Next, we will learn about how to achieve geo-partitioning with CockroachDB.

Geo-partitioning in CockroachDB

CockroachDB provides two topology patterns, which provide two levels of data resiliency, latency and availability.

Single region

Here, the entire data is in a single region.

CockroachDB defines two variations of single-region topology, development and production, as follows:

  • Development: This pattern is very straightforward, where you just have a single node in an availability zone, with multiple clients talking to it. This pattern is useful for testing purposes. This topology can also be used on your laptop or desktop.

As part of your Continuous Integration/Continuous Deployment (CI/CD) pipeline, you can have a dedicated stage in which you provision a single-node cluster and later can run a bunch of system tests that interact with a real database. Since the clients will be local to the data, reads and writes will be much faster, although there is no resiliency.

The following is an example of a single-region deployment:

Figure 4.3 – Single-node deployment in the US-West (Northern California) region, where all the clients are also deployed in the same region

Figure 4.3 – Single-node deployment in the US-West (Northern California) region, where all the clients are also deployed in the same region

  • Basic production: Here, you can have nodes deployed in more than one availability zone within the same region. It is ideal to have at least three nodes in three different availability zones within the same region for consensus purposes. This pattern takes advantage of many CockroachDB features, such as replication, rebalancing, and resiliency.

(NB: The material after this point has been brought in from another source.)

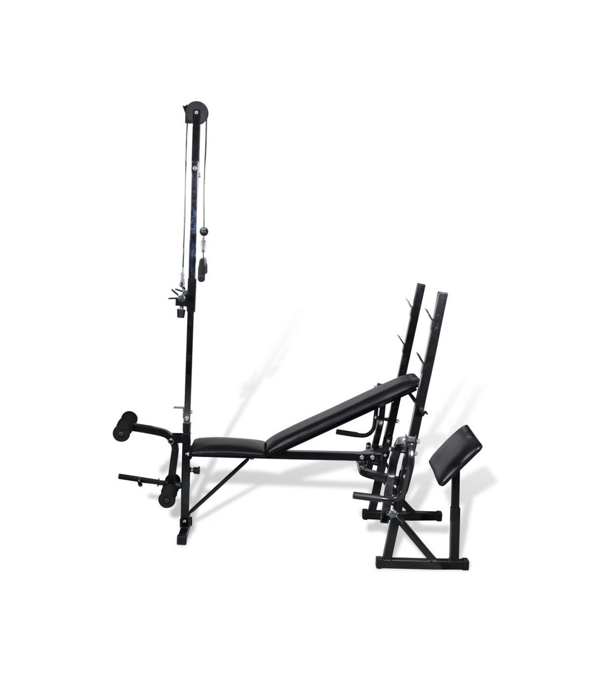 This adjustable fitness workout bench is a great choice for people like exercising. From now on, you can work out at the convenience of your own home, and save the trip and money to a gym!This workout bench actually provides a wide range of workout exercises to you. The backrest would strengthen your back muscles. Thanks to the curl and butterfly station, shoulders and arms could be exercised, while the leg-curl would train your thighs and legs. This wide range of workout combinations and exercises allow for an effective, total body workout, while the range of setting options enable the workout to be adapted to suit your specific need. The sturdy steel construction of the bench ensures your safety during the exercise process, allowing you to focus entirely on your workout. And the durable cotton-padded cushion will offer you a lot workout comfort.

This topology can withstand up to a single-node failure. If two nodes fail, then some ranges might not have any leaseholders due to a lack of consensus and will become unavailable. You would also need a load balancer to spread the traffic from clients across three nodes evenly.

The following is a single-region deployment with three nodes:

Figure 4.4 – Single-region three-node deployment in the US-West (Northern California) region, where all the clients are also deployed in the same region

Figure 4.4 – Single-region three-node deployment in the US-West (Northern California) region, where all the clients are also deployed in the same region

In basic production topology, client requests hit a load balancer first, and later they are forwarded to one of the nodes, which acts as a gateway node. The gateway node then coordinates with relevant leaseholders, gathers all the data, and serves the data back to the client.

Multi-region

Here, the data is spread across multiple regions. You can use row-level control to distribute the rows geographically. The following figure shows a multi-region deployment, which spans three different regions in the US:

Figure 4.5 – Multi-region nine-node deployment covering the US-East, US-Central, and US-West regions

Figure 4.5 – Multi-region nine-node deployment covering the US-East, US-Central, and US-West regions

You can choose the following topologies based on your requirement:

  • Geo-partitioned replicas
  • Geo-partitioned leaseholders
  • Duplicate indexes
  • Follower reads
  • Follow-the-workload

Geo-partitioning options are only available with the enterprise license of CockroachDB. If you try to use enterprise features without the enterprise license, you will see the following message:

ERROR: use of partitions requires an enterprise license. see https://cockroachlabs.com/pricing?cluster=65244c3a-2d63-432c-a8b4-c70a53459ca1 for details on how to enable enterprise features

SQLSTATE: XXC02

You can visit the URL mentioned in the error message and get an enterprise license for a specific trial period.

Applying an enterprise license to your cluster would involve the following steps:

root@localhost:26258/defaultdb> SET CLUSTER SETTING cluster.organization = 'Self';

SET CLUSTER SETTING

Time: 166ms total (execution 165ms / network 0ms)

root@localhost:26258/defaultdb> SET CLUSTER SETTING enterprise.license = 'crl-0-EKD0mYsGGAIiBFNlbGY';

SET CLUSTER SETTING

Time: 191ms total (execution 191ms / network 0ms)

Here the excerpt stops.